§ Problem to solve:
Stop at the line containing "为进一步服务好学生和教职工,充分发挥学校": repeat exactly every line of the entries below from the first up to it, plus that line, with pictures omitted.

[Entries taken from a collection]
----

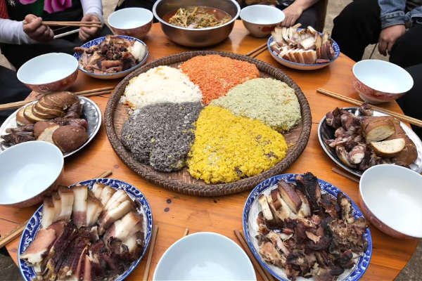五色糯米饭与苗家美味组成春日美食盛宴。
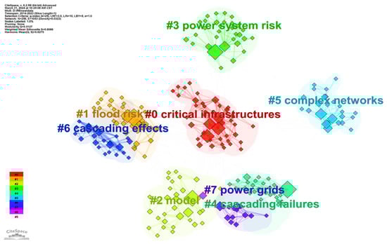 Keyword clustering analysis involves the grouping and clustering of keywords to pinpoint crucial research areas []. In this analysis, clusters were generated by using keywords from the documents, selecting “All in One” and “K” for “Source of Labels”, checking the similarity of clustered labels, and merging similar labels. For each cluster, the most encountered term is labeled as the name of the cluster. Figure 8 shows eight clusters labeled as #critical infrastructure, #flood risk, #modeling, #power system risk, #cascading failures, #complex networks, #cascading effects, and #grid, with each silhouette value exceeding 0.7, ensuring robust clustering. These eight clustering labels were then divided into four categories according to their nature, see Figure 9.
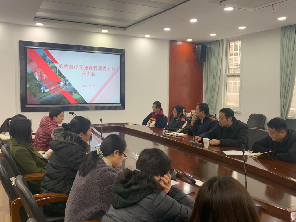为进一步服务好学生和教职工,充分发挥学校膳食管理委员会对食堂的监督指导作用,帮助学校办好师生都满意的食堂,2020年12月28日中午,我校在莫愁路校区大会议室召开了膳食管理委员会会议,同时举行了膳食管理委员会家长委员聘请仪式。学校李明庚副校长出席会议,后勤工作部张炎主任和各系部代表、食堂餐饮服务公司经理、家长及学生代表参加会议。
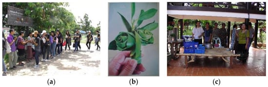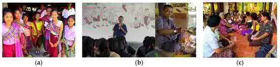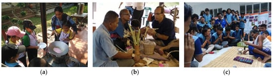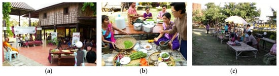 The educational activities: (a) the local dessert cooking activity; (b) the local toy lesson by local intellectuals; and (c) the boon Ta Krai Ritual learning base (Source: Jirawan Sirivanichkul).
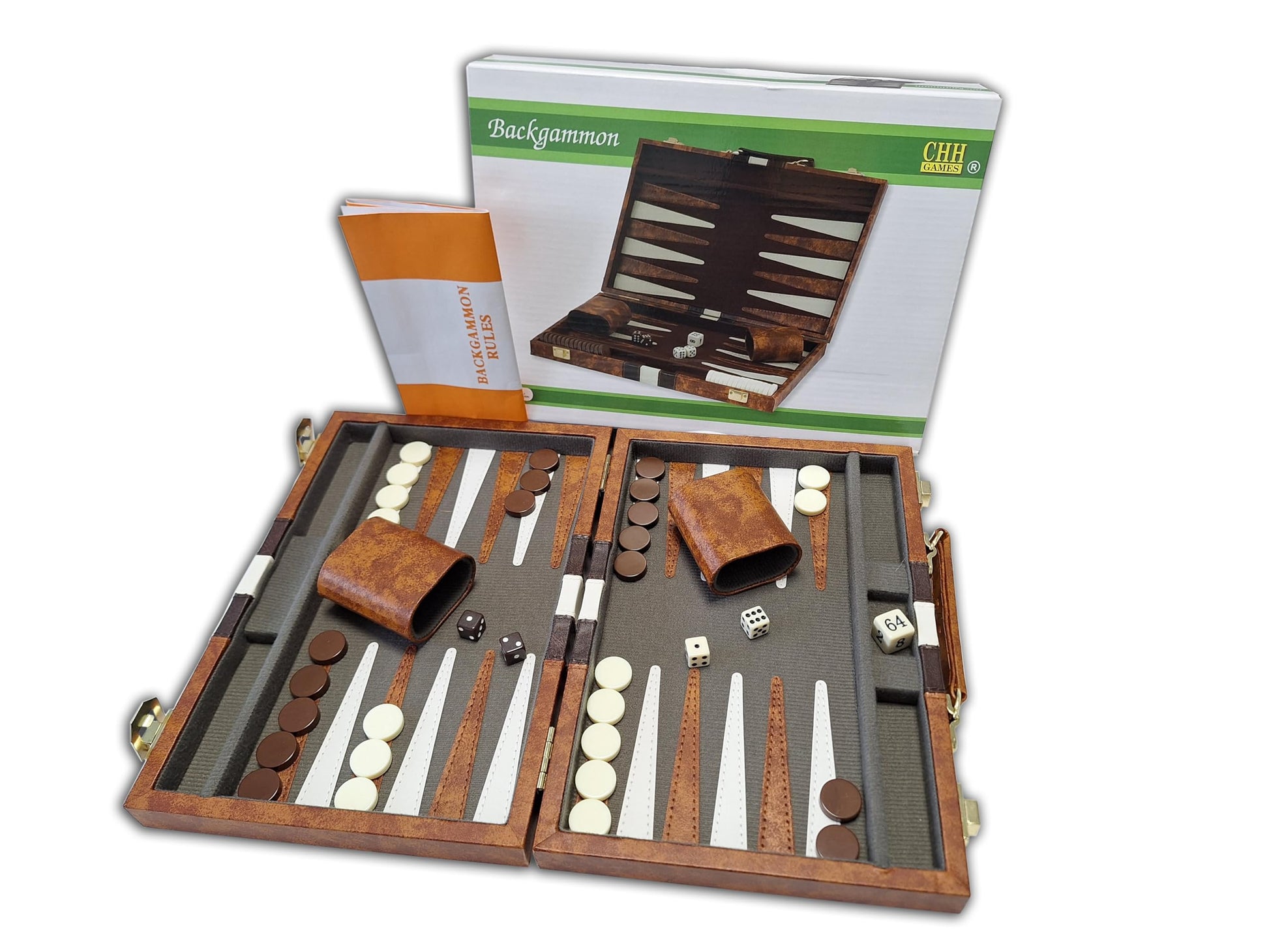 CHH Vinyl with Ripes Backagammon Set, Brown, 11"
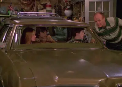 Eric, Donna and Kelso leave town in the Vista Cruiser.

----

§ Response area:
五色糯米饭与苗家美味组成春日美食盛宴。
 Keyword clustering analysis involves the grouping and clustering of keywords to pinpoint crucial research areas []. In this analysis, clusters were generated by using keywords from the documents, selecting “All in One” and “K” for “Source of Labels”, checking the similarity of clustered labels, and merging similar labels. For each cluster, the most encountered term is labeled as the name of the cluster. Figure 8 shows eight clusters labeled as #critical infrastructure, #flood risk, #modeling, #power system risk, #cascading failures, #complex networks, #cascading effects, and #grid, with each silhouette value exceeding 0.7, ensuring robust clustering. These eight clustering labels were then divided into four categories according to their nature, see Figure 9.
为进一步服务好学生和教职工,充分发挥学校膳食管理委员会对食堂的监督指导作用,帮助学校办好师生都满意的食堂,2020年12月28日中午,我校在莫愁路校区大会议室召开了膳食管理委员会会议,同时举行了膳食管理委员会家长委员聘请仪式。学校李明庚副校长出席会议,后勤工作部张炎主任和各系部代表、食堂餐饮服务公司经理、家长及学生代表参加会议。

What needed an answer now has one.